As 2024 began, I wrote here:
“The Wallabies have been stymied by seven cardinal rugby sins for a decade or more. A high penalty and card count, poor referee relations, a shapeless attack, poor ball retention, overreliance on a few stars, a tendency to play to the level of the opposition (tight losses to top teams, narrow wins versus weaker team), and a disconnect from fans and their proxies in the media. Joe Schmidt is tailor made to address the first six issues.”
Schmidt has addressed accuracy, picked an affable but inspirational captain, brought shape to starter plays as well as third phase plus ball, forced dramatic improvements in ball presentation, and moved away from a star-focused mentality.
The last two iniquities are the last to be redeemed: learning how to win when you might not deserve it, and building excitement and rapport in the larger spaces of entertainment.

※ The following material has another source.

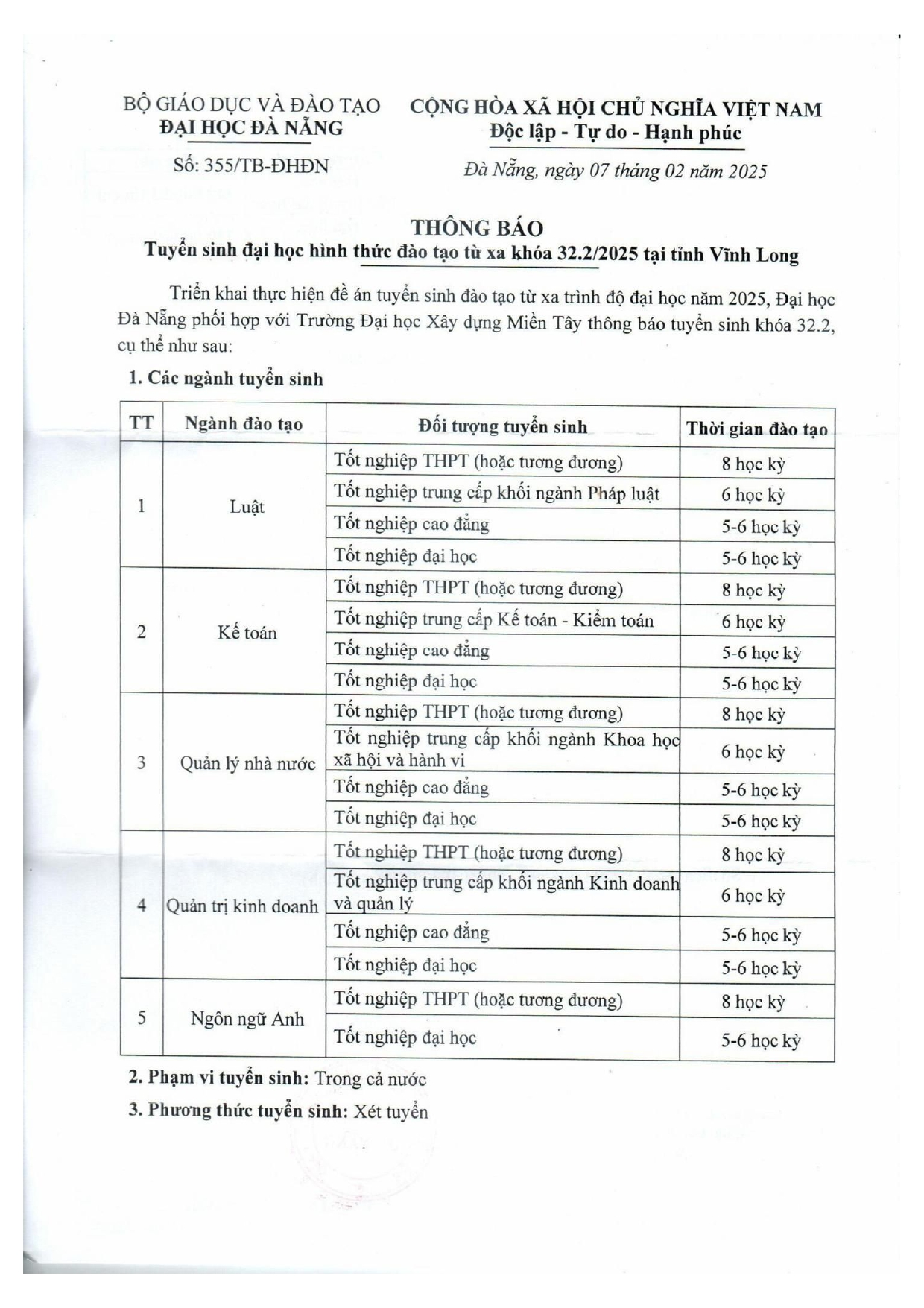 Đại học Đà Nẵng Thông báo tuyển sinh đại học hình thức đào tạo từ xa khóa 32.2/2025 tại tỉnh Vĩnh Long
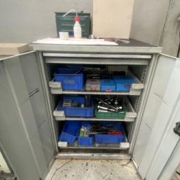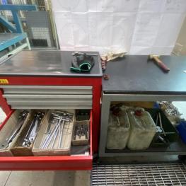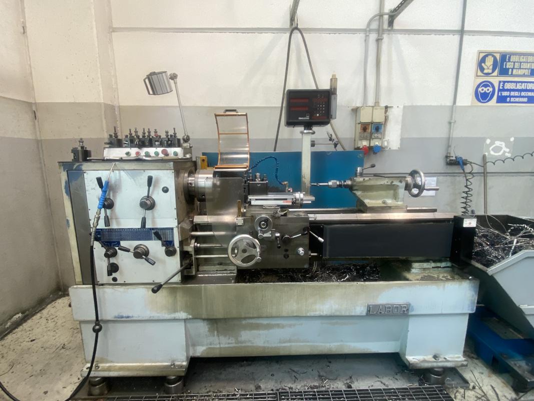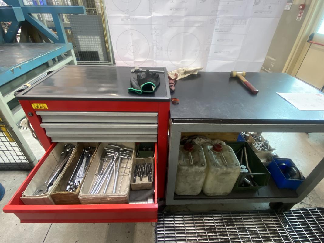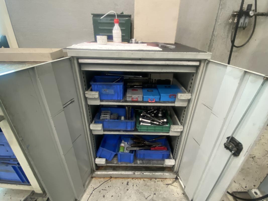 Fabrikat: LABOA, Spitzenhöhe/-weite 200 x 1.000 mm, Digitalanzeige, Fabr. Anilam, Schnellwechselstahlhalter, Dreibackenfutter, Reitstock, Werkzeugschrank, 2-türig, Werkzeugwagen, rot, Tischwagen, Inhalt: Handarbeitszeuge, Rüstwerkzeuge, 10 Stahlhalterkassetten

Joe has his Joseph now, and the signs are good, but the truth is of the six wins in 2024, half came over moribund Wales. The belief was still lacking in Sydney versus the All Blacks, and again in Dublin against another top three side stacked with confident players.
There is a happier telling of the tale: those excruciating losses were immense improvement over last year, but also the early part of this year, when big losses to Argentina and South Africa triggered rugby trauma with Lyonnaise sauce on the side.
We are affected by where the Wallabies were, as much as where they are.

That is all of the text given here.